Depending on your location, you may have rights over your personal data. For EU/UK users, these include: the right of access (Art. 15), rectification (Art. 16), erasure (Art. 17), restriction (Art. 18), portability (Art. 20), objection (Art. 21), and the right to withdraw consent at any time (Art. 7(3)).

To exercise your rights, email [email protected]. We typically respond within 30 days. For complex requests, we may extend this by up to 60 additional days as permitted by law.

You also have the right to lodge a complaint with a supervisory authority. Resources by region include:

• EU: https://edpb.europa.eu
• UK: https://ico.org.uk
• Germany: https://www.bfdi.bund.de
• France: https://www.cnil.fr
• Poland: https://uodo.gov.pl
• Spain: https://www.aepd.es

10. Children

This site is not directed at individuals under 16. We do not knowingly collect personal data from minors. If we learn that we have collected personal data from a child under 16 without verifiable parental consent, we will delete it promptly.

11. Do Not Track

This website does not respond to Do Not Track (DNT) browser signals. Third-party providers may have their own DNT handling and opt-out mechanisms.

12. Data Deletion Requests

To request deletion of your personal data, email [email protected] with the subject line “Data Deletion Request”. We may ask for reasonable verification to confirm the request is made by the data subject. We aim to complete valid requests within 30 days, subject to legal retention requirements.

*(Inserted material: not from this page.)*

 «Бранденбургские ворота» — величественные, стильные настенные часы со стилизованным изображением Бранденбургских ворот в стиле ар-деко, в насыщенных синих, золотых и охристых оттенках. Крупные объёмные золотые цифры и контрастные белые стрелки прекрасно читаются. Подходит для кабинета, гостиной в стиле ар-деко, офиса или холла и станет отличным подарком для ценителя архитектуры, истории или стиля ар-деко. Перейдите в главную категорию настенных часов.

In some cases, we must retain limited records to comply with law, maintain security, or establish, exercise, or defend legal claims.

13. Business Transfers

If we are involved in a merger, acquisition, asset sale, financing, reorganization, insolvency, or similar event, personal data may be transferred to a successor or affiliate as part of that transaction. If such a transfer materially changes how personal data is used, we will provide notice on the website.

14. California (CCPA/CPRA)

This section applies to California residents where the California Consumer Privacy Act (CCPA) as amended by the California Privacy Rights Act (CPRA) applies.

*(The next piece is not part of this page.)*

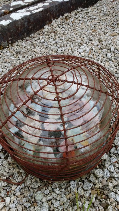Het waren metalen beschermkorven die over een soort glazen kaasstolp heen waren gezet.

Categories of personal information disclosed in the past 12 months may include: identifiers (such as name, email, IP address, cookie identifiers), internet/network activity (such as page views and interactions), and inferences (such as interests or preferences inferred from site usage). We disclose these categories to service providers and, if you opt in, to advertising partners for cross-context behavioral advertising.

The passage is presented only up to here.